ASSIGNED TASK: Please copy every line of the data in which the string "with" appears.

SUPPLIED DATA:
'''
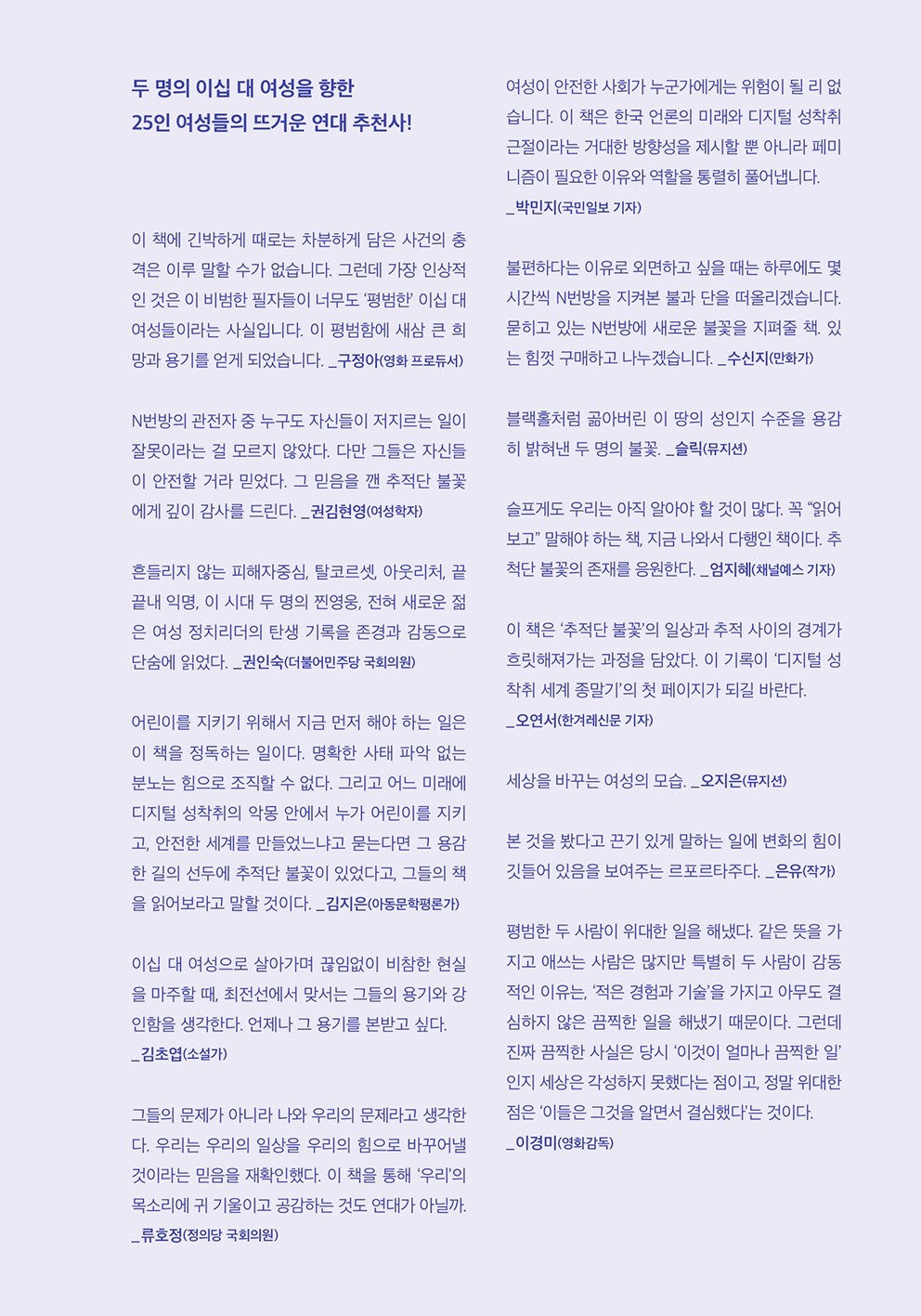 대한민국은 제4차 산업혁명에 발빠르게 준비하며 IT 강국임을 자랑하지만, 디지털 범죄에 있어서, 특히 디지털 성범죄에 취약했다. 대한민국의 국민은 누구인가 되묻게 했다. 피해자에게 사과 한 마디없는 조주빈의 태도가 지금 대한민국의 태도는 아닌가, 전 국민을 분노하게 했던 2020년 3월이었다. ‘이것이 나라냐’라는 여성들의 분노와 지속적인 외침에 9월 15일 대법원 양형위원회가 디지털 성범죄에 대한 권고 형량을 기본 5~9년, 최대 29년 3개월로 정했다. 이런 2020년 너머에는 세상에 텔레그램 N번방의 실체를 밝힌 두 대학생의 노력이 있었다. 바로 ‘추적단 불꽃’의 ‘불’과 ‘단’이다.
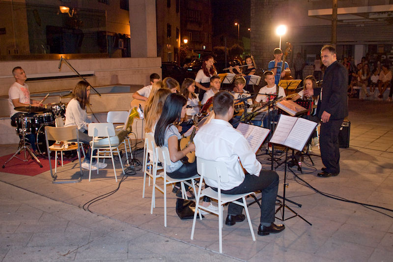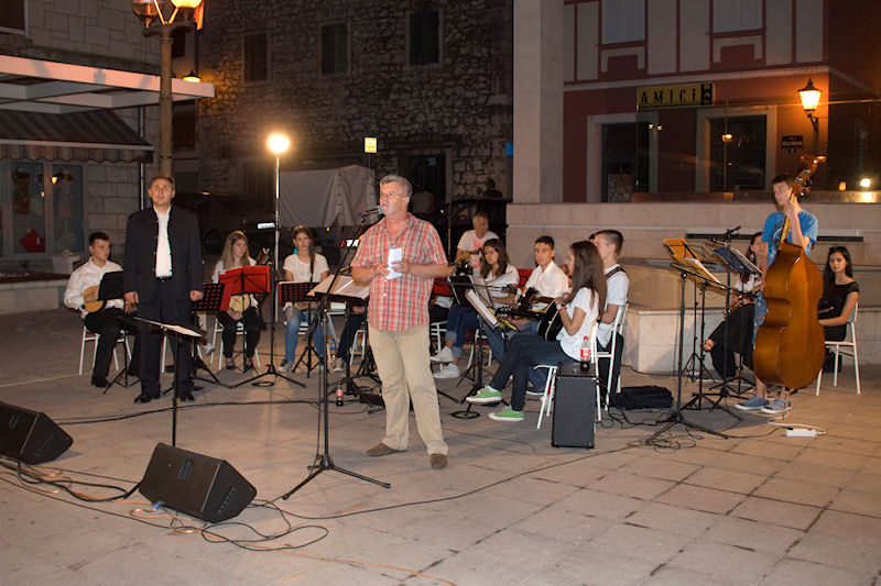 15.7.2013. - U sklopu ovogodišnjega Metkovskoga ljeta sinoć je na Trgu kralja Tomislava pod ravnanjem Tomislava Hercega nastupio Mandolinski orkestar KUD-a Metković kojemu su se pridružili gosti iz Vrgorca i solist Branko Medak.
'''
'''
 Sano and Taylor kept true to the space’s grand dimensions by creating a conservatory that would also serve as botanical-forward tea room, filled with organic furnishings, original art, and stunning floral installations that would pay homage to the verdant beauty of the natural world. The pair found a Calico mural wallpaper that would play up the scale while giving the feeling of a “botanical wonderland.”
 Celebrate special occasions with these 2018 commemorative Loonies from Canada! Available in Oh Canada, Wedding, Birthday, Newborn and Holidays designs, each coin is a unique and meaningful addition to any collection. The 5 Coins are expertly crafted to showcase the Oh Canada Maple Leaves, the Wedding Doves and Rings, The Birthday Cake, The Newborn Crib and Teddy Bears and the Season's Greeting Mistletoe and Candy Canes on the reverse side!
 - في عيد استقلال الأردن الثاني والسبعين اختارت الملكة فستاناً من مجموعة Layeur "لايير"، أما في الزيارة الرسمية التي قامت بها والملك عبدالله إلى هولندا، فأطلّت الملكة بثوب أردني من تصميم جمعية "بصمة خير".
'''
EXERCISE ANSWER:
 Sano and Taylor kept true to the space’s grand dimensions by creating a conservatory that would also serve as botanical-forward tea room, filled with organic furnishings, original art, and stunning floral installations that would pay homage to the verdant beauty of the natural world. The pair found a Calico mural wallpaper that would play up the scale while giving the feeling of a “botanical wonderland.”
 Celebrate special occasions with these 2018 commemorative Loonies from Canada! Available in Oh Canada, Wedding, Birthday, Newborn and Holidays designs, each coin is a unique and meaningful addition to any collection. The 5 Coins are expertly crafted to showcase the Oh Canada Maple Leaves, the Wedding Doves and Rings, The Birthday Cake, The Newborn Crib and Teddy Bears and the Season's Greeting Mistletoe and Candy Canes on the reverse side!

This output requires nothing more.